THE TASK: Would you retype exactly the lines below, from the one containing "Hurtle Sparkcykel med" through the end of the entries, both ends included, but not the pictures?

MATERIAL FOR THIS TASK:
▼▼▼
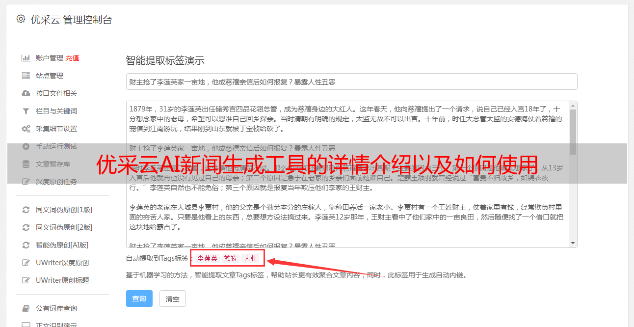 优采云AI新闻生成工具的详情介绍以及如何使用
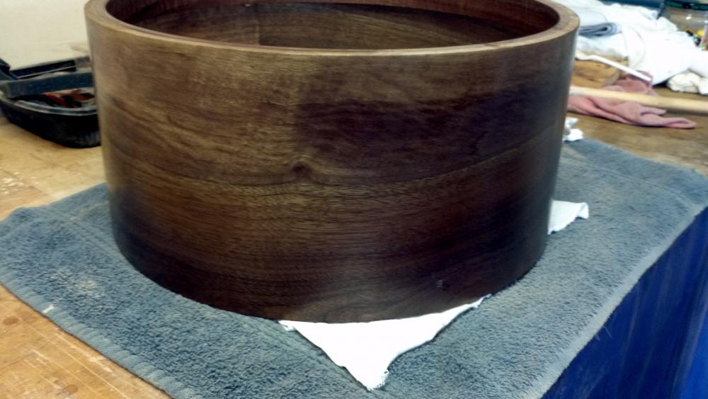 I received the pictures, and was shocked. the varying thickness of the shell walls is easy to see, even on the pics. Any Drumbuilder knows how bad that is for sound and resonance. The holes in the shells (especially the bass drum) were filled up with putty!!@#$# A big gab where the drum - halves join, and lots of cracks, not just surface cracks, deep ones, running across the shells and down the seams. The outside of the shells was scratched, dinged up and the opposite of smooth, what i expected from the pictures on Vaughncraft.com. I told John several times, I won't accept cracked shells, he responded "of course not, everything is great looking"
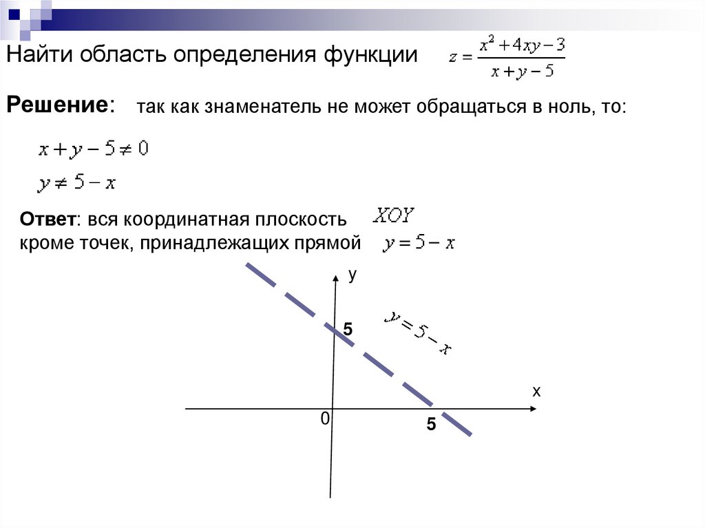 Найти область определения функцииРешение: так как знаменатель не может обращаться в ноль, то:
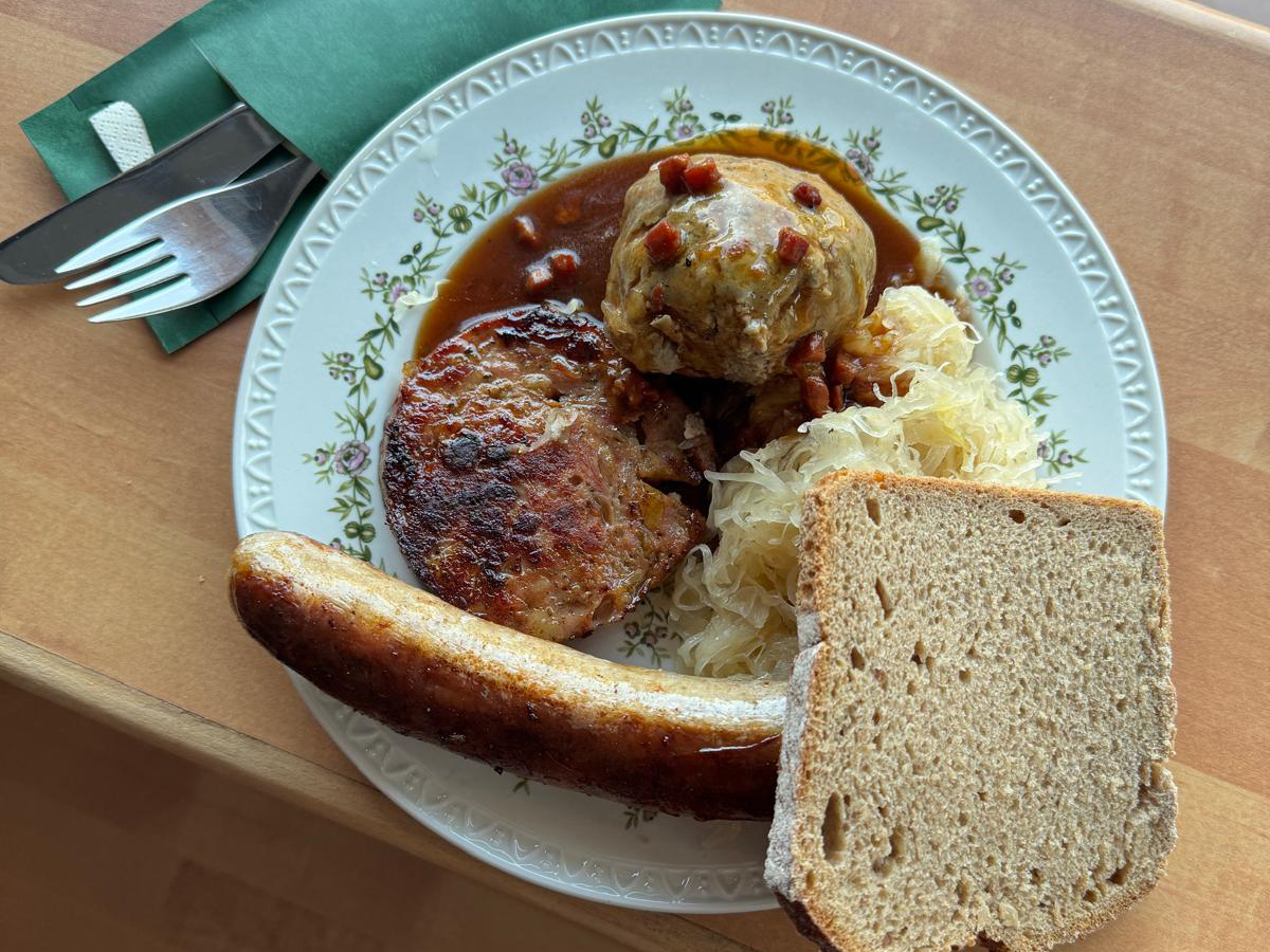 - Saumagenburger mit gerösteten Zwiebeln im Brötchen
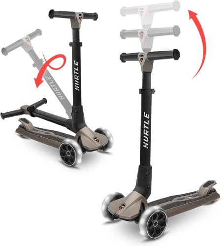 Hurtle Sparkcykel med 3 hjul för barn – hopfällbar, med LED-lampor, halkfri fotbräda, justerbar höjd, perfekt för utomhusunderhållning
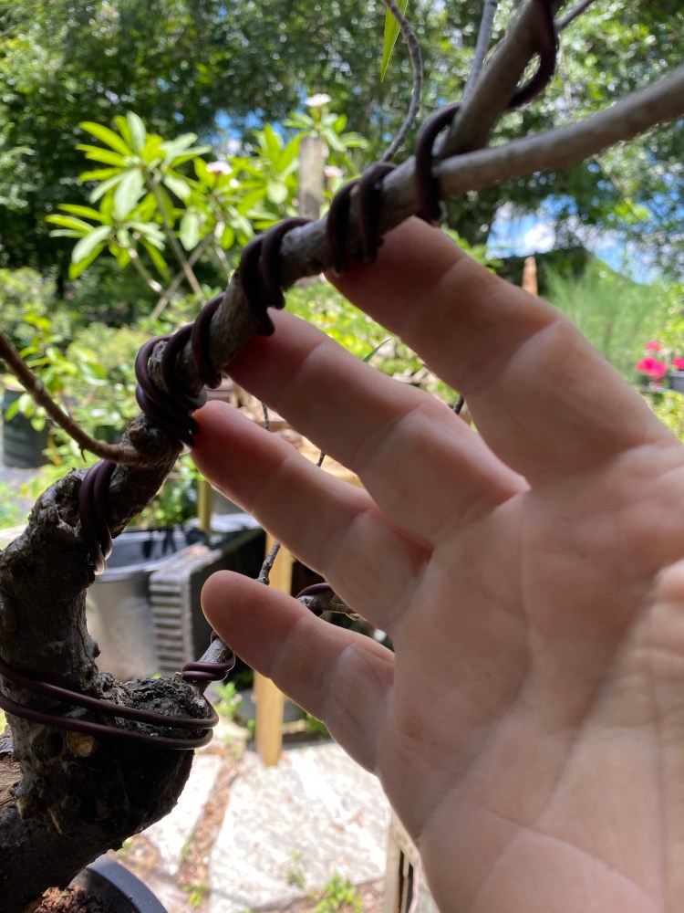 This is an initial styling, so the wire is spaced out (not perfectly next to each other) which will help you keep the branch from snapping when you do the bend. It’s also loose. I need to keep it on for a long time, so the looser (as long as I have good support still) the better. Less wire marks.
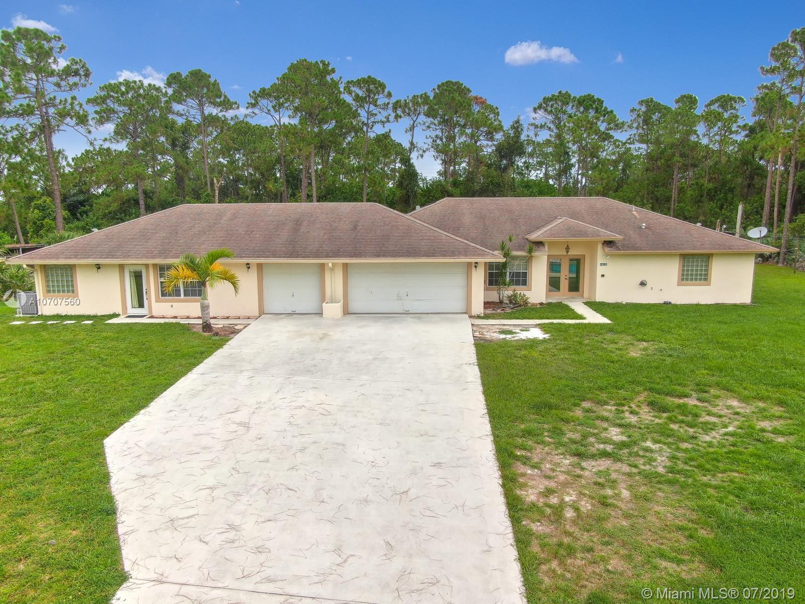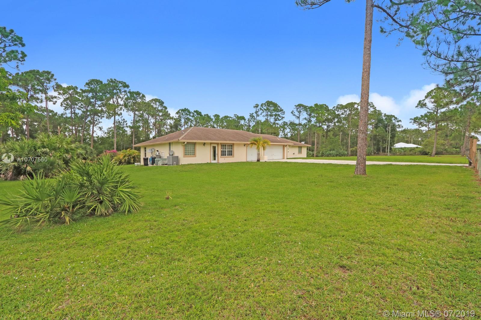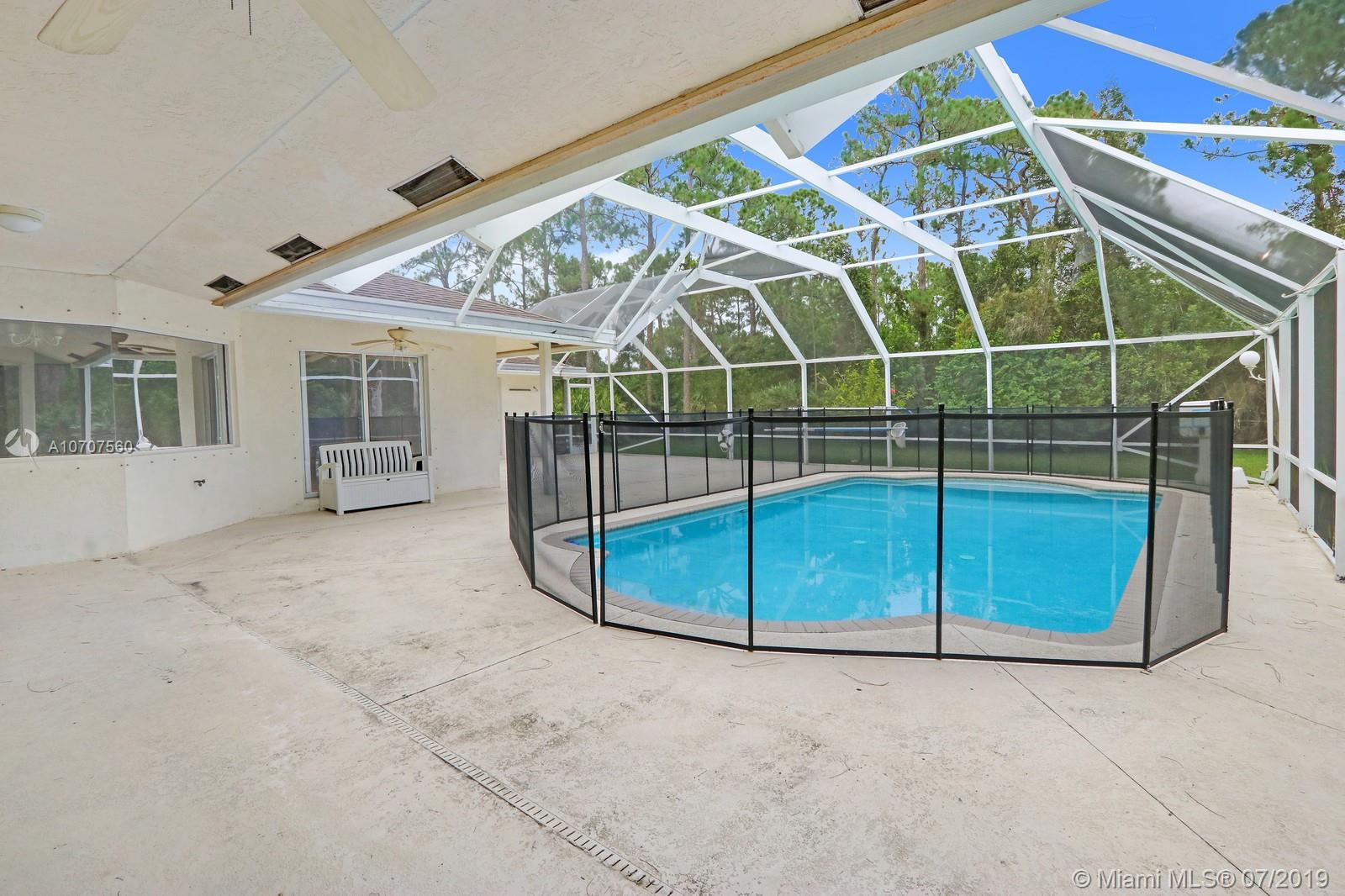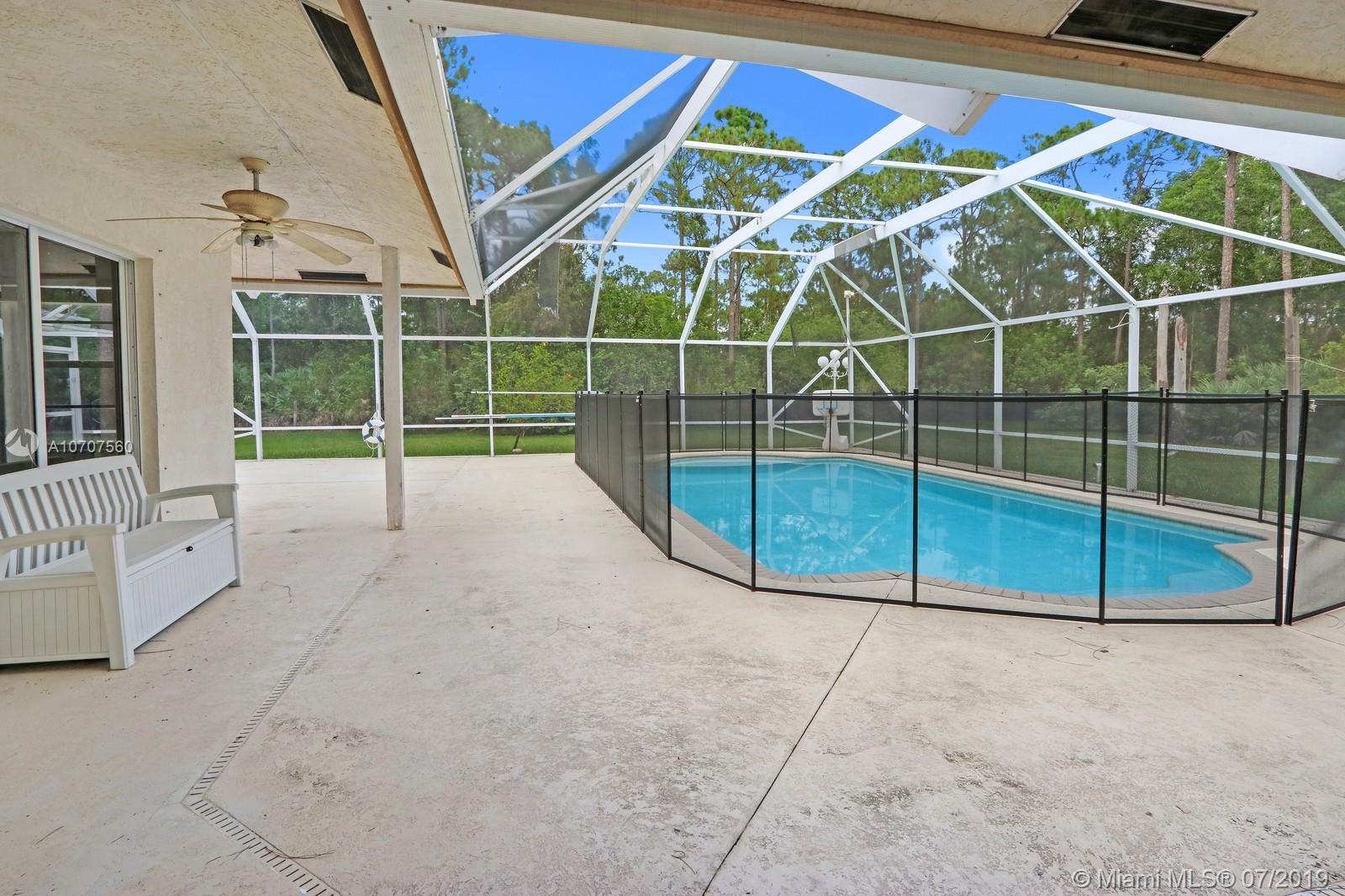 Beautiful corner home sitting on over 2 acres of land in The Acreage. The house is nestled among native Florida Pine trees. Spacious home with large bedrooms and baths. Screened pool with child fence. Tile flooring throughout the home. Separate in-law suite attached to the home. Great potential for horses, as there's already a paddock on the property.
▲▲▲
EXERCISE ANSWER:
 Hurtle Sparkcykel med 3 hjul för barn – hopfällbar, med LED-lampor, halkfri fotbräda, justerbar höjd, perfekt för utomhusunderhållning
 This is an initial styling, so the wire is spaced out (not perfectly next to each other) which will help you keep the branch from snapping when you do the bend. It’s also loose. I need to keep it on for a long time, so the looser (as long as I have good support still) the better. Less wire marks.
 Beautiful corner home sitting on over 2 acres of land in The Acreage. The house is nestled among native Florida Pine trees. Spacious home with large bedrooms and baths. Screened pool with child fence. Tile flooring throughout the home. Separate in-law suite attached to the home. Great potential for horses, as there's already a paddock on the property.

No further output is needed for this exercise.